His skin’s rough and thick, like a leathery hide. Mierda, he smells so sour and rank I gag. Thank god, various anatomy and physiology labs have given me a strong stomach, because otherwise I’d be sick all down his back. Actually, he might smell better covered in vomit.
But he’s climbing down to ground that’s still too far away. If he dropped me from this height, I’d end up with some kind of cervical fracture at a minimum.
Okay, Selena, let’s not throw up on the guy who literally holds our life in his hands. I swallow convulsively several times.
As soon as his feet touch the ground, I start to struggle. He’s so tall I’m still eight feet off the ground, but my skin’s crawling—my body wants away from his with an almost animal panic. “Let me go!”

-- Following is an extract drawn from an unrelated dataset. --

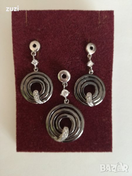Сребърен комплект с цирконий , обеци и висулка . Сребро проба 925., снимка 1 - Бижутерийни комплекти - 38768371 Сребърен комплект с цирконий , обеци и висулка . Сребро проба 925., снимка 2 - Бижутерийни комплекти - 38768371 1/2

A huge hand clamps over my butt, pawing at me, a deep voice saying something that sounds more like rocks crashing together than words. Monster man grabs me and sets me down in front of him. I thought being on his shoulder was as bad as it could get.
I was wrong.
He leers at me and runs a black slug of a tongue over his lips.
My heart lurches in my chest and starts racing like I’ve developed tachycardia. I keep having that visceral reaction to him, one of pure revulsion that shakes me to my core.
I rabbit to the side, and he catches me, his hands clamping around me in a vise.
My mouth opens on a wordless cry as my whole body screams NO !
But I’m not the one yelling.
A green man on a galloping black unicorn races from the trees, sword raised overhead. He barks out a challenge and leaps to the ground before the unicorn even comes to a full stop, landing with the perfect balance of an athlete.
Monster man lets go of me and whips around, pawing the axe from his back. They surge toward one another and meet in a clang of metal.
The unicorn lunges for the hell horse, and they start to fight as well.
Hemmed in on both sides, I backpedal until my shoulders hit the hard surface of the stone.
The green man is seven-feet tall and more heavily muscled than any human, but the monster’s even larger. Yet they seem evenly matched because the green man’s movements are fluid and precise, every strike a thing of beauty.
That’s such a weird thing to think, because this is violence, and I’m supposed to hate anything that can cause bodily harm. But I don’t. I might not want him to hurt the gray monster, but if that’s what it takes to get the leering thing to leave me alone…
The unicorn lets out an angry whinny, rearing up to thump hooves into the hell horse, which screams and wheels around to run into the pines.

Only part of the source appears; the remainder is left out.